On Tuesday, the board will consider cutting Policy 2360 — titled 'Race and the Curriculum' — because it's not backed up by any Washington state code or laws.
The policy was championed by former school board members Semi Bird, Audra Byrd and Kari Williams before they were removed from office in a recall in 2023 for voting to violate the state's COVID mask laws.
The neighboring Kennewick School Board adopted a similar race policy months earlier as a way to take a stand against the issue of 'critical race theory.'
That was done despite Washington school leaders being adamant that school districts are not teaching critical race theory to students or teachers.

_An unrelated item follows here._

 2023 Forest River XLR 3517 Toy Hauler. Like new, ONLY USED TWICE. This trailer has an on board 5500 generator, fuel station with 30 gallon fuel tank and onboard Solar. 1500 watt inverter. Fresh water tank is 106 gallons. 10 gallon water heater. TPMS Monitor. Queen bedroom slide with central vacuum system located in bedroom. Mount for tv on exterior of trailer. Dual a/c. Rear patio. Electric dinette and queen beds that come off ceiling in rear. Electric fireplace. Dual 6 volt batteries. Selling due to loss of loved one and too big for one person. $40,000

The Richland policy that was adopted said the Richland board believed the history of all races should be valued, and that students should not be taught that their race, economic status or skin color determines their success or moral character.

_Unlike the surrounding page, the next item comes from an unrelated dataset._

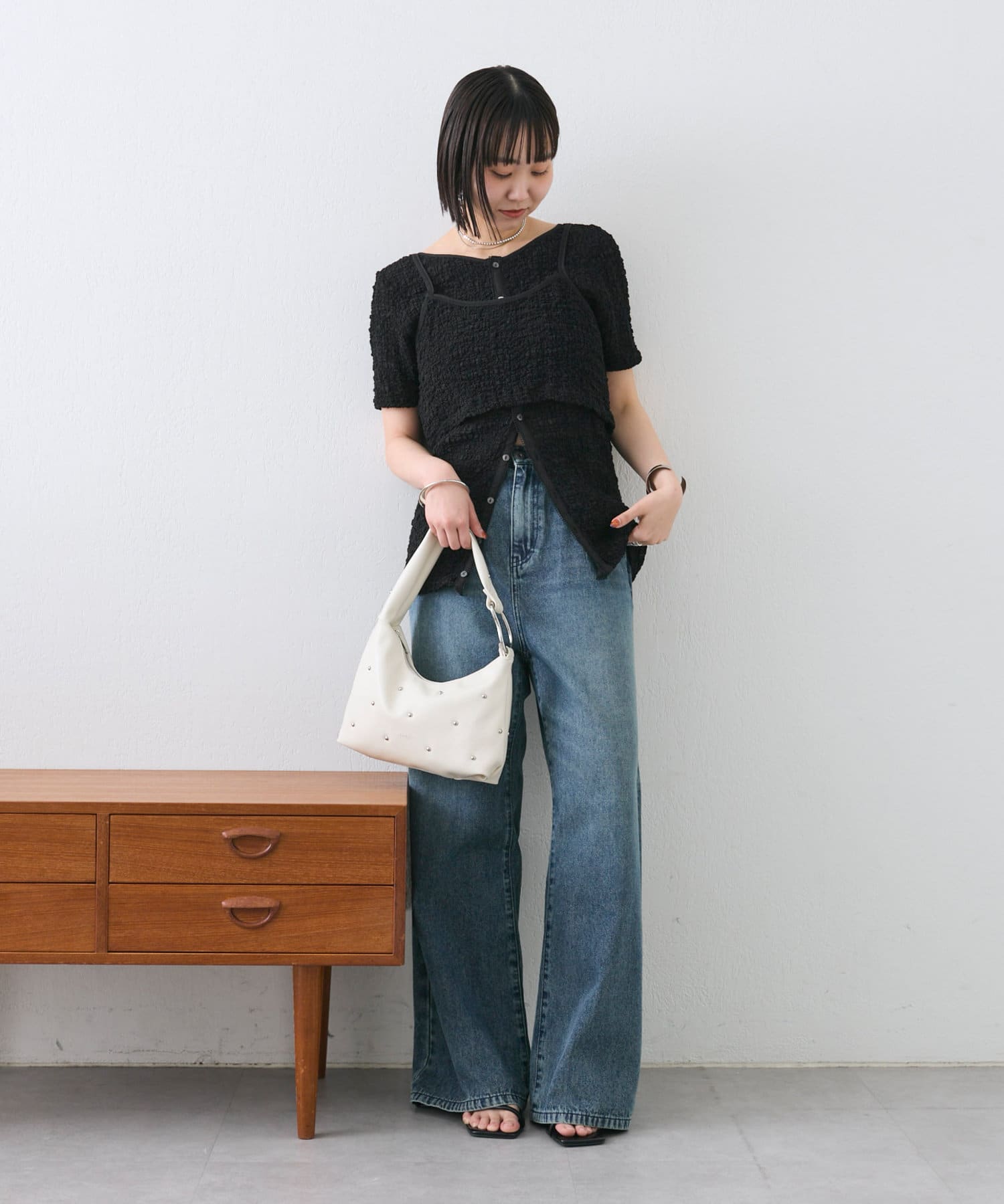 カーデとキャミソールをレイヤードしてこなれ感のある着こなしが叶います♡

It also says students must learn 'factual history' from a nonpartisan stance, free from political biases; that materials should be 'free of all forms of indoctrination;' and 'while students are taught that racism exists today, they will not be indoctrinated in the belief that the U.S. is fundamentally or systematically racist.'
Bird, then the board's lone Black member, said at the time of adoption that the policy would be 'setting students up for success.'
But others who spoke at the meeting said the policy's tone was harsh on teachers.
Krista Calvin, an elementary teacher and president of the district's teacher union, said at the time it painted teachers with a 'very broad brush' and furthered a 'nationwide agenda' to villainize teachers.
The 'critical race theory' term emerged in the 1970s in legal circles as a way to examine the law on how it serves the interests of people in power at the expense of others.
Conservatives in recent years have used 'CRT' as a broad umbrella term to encompass progressive ways of re-examining the U.S.'s troubled history with slavery, racism and civil rights.